In this paper they search for the underlying reasons for the foreclosure crisis and WHAT should be done to stop it. What I find interesting is their comments concerning the reasons for the low number of Loan Modifications to date. And here they conclude…

Regarding the small number of loan modifications to date,we show, both theoretically and empirically, that the efficiency of foreclosure for investors is a more plausible explanation for the low number of modificationsthan contract frictions related to securitization agreements between servicers and investors.”

So the Servicers excuses that their PSA’s (Pool Servicing Agreements) with the Investor’s were preventing them from modifying more home loans is apparently not true. The real reason for the low number of loan Modifications versus Foreclosures is apparently because it’s more efficient to Foreclose than to modify a Loan!

But WHAT does more efficient mean? Easier to Foreclose on a Home than to negotiate a loan Modification? It certainly isn’t MORE profitable for the Investor.

A.M. White in his paper Deleveraging the American Homeowner: The Failure of 2008 Voluntary Mortgage Contract Modifications, stated. “Servicers are incurring huge losses for investors by foreclosing. The average foreclosure loss on a first mortgage in November 2008 was $145,000 or about 55% of the average amount due. In comparison, for the modified loans with some amount of principal or interest written off, the average loss recognized was $23,610. This seven-to-one difference between foreclosure losses and modification write-offs is striking, and lies at the heart of the failure of the voluntary mortgage modification program.

So Why do Banks Foreclose when they can Modify a loan? Foote and Willen write:

Estimates of the total gains to investors from modifying rather than foreclosing can run to $180 billion, more than 1 percent of GDP. It is natural to wonder why investors are leaving so many $500 bills on the sidewalk.”

So if the Investors are losing 7 to 1 more money in Foreclosure then WHY IN GOD’S NAME are they Foreclosing on Homes? It’s Insane! It makes NO SENSE, But logical thought in the Banking Business in my humble opinion is NOT RECOMMENDED!

What’s truly lacking in ALL of the Professor’s studies and papers on the Foreclosure Crisis is the LACK or ABSCENCE of compassion for the Borrower. Their studies are ALL numbers and percentages, graphs and formulas. Like some Military Generals acceptable collateral losses on the battlefield. But this crisis is about real people and families being destroyed and not just numbers for the Federal Reserve to study! What the studies really should be focusing on is what the process of a loan modification is really like and the way in which the Banks are presenting them. Until you uncover how they are being processed in the interests of the Bank first, Borrower last we’ll never improve the percentages of homes saved.

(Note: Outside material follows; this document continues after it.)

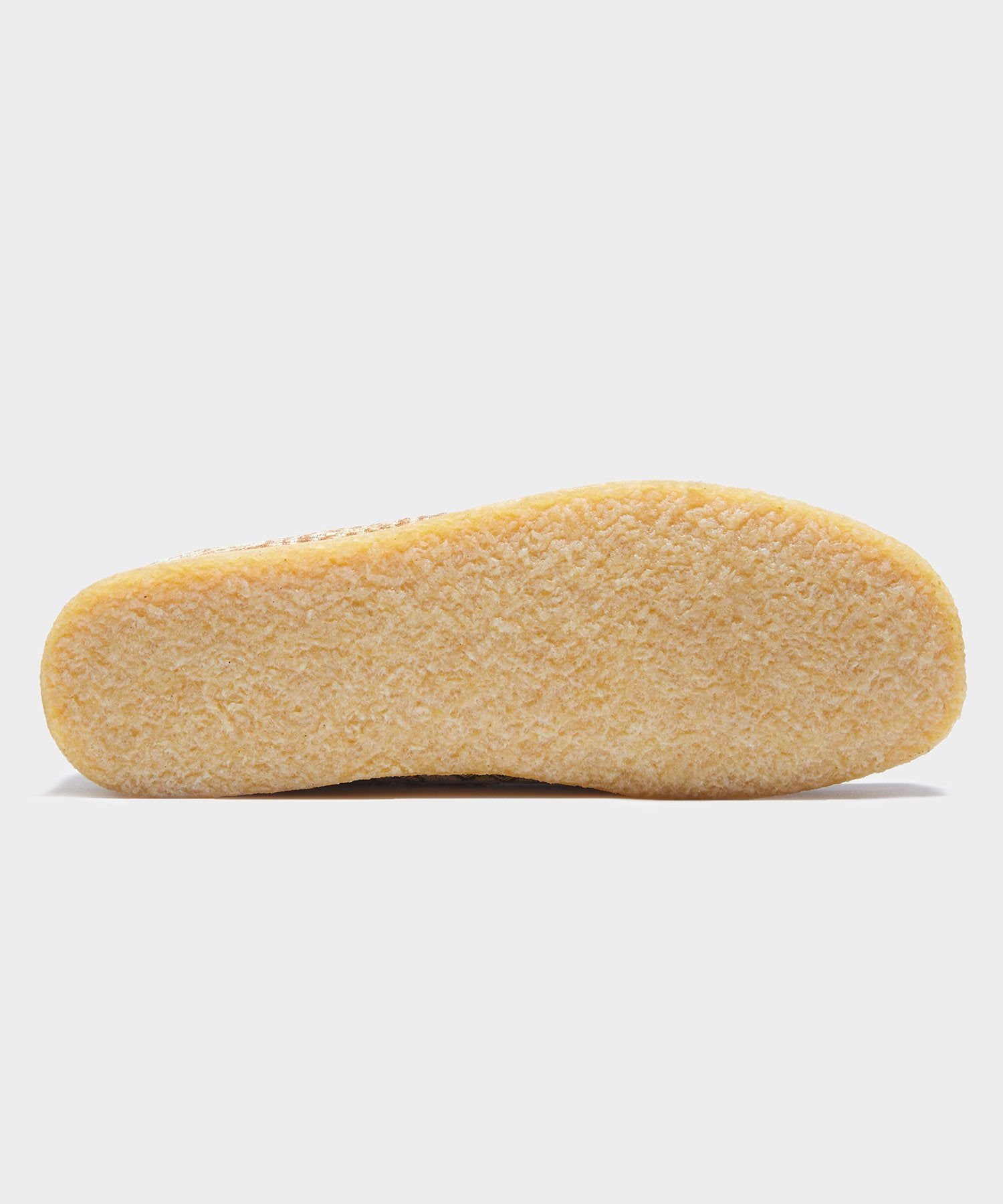 Expertly crafted in Italy, the Todd Snyder x Clarks Originals Wallabee is woven with one-of-a-kind upholstery fabric. Featuring a leather-lined interior, suede/leather tonal accents, and Clarks’ signature crepe sole, this iteration of a timeless silhouette brings premium materials to fore.

In reality the Banks really DON’T want to do Loan Modifications. They aren’t in the business of lowering payments and loan balances. They have Great PR and arrive to speak to the President over lunch on their efforts to help the Homeowner, but the numbers of those receiving help are well short of their promises. It will take a Herculean effort to change the Banks cultural attitude about this Foreclosure Crisis. Until the Government makes the Loan Modification programs mandatory and not voluntary the results in avoiding Foreclosure will be dismal. And millions will continue to lose their homes.